By Evan Henerson

Major congrats and champagne toasts go out to graduate students at Columbia University and across the country in the wake of the National Labor Relations Board decision that gives grad students the right to union representation.

More than 10,000 students at universities across the country are likely to reap the benefits of the NLRB’s ruling this week that grad students are covered by the National Labor Relations Act. Basically, the ruling recognizes that graduate students who work as teaching or research assistants are considered as employees, not merely students and can therefore join collective bargaining units. The NLRB’s decision – which reverses a 2004 NLRB ruling - comes in response to a petition filed by a group of graduate students at Columbia University and the United Autoworkers Union.

In 2004, the NLRB argued that graduate students "are primarily students and have a primarily educational, not economic, relationship with their university.” This board disagrees. The change of course makes sense. Graduate students perform work and are paid accordingly. And they enhance the quality of their workplace. As a recap on the UAW’s website notes, at least half of all teachers on college campuses are non-tenure track and include graduate teaching assistants.
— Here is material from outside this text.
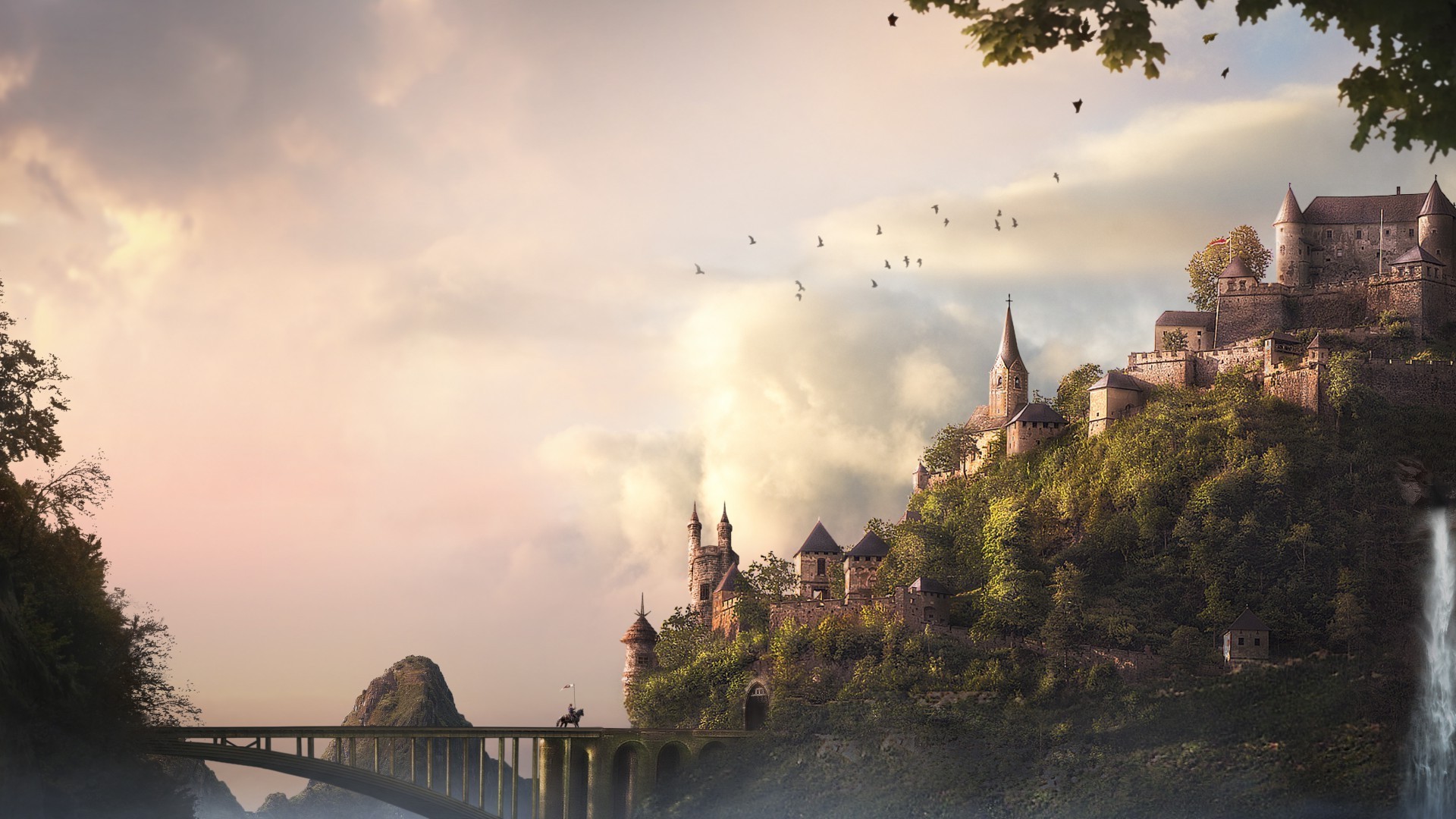 Detrás de los arbustos verdes contra el cielo castillo gris

Graduate workers at Columbia also help bring in nearly $1 billion annually in grants and contracts.

Therefore these employees should be entitled to negotiate for stable working conditions, reliable health benefits, access to paid parental leave, pay raises, and many other rights that unionized teachers enjoy.

The NLRB has gone back and forth on this one several times. It looks like the board finally took a page out of the student handbook and learned the correct lesson in fairness.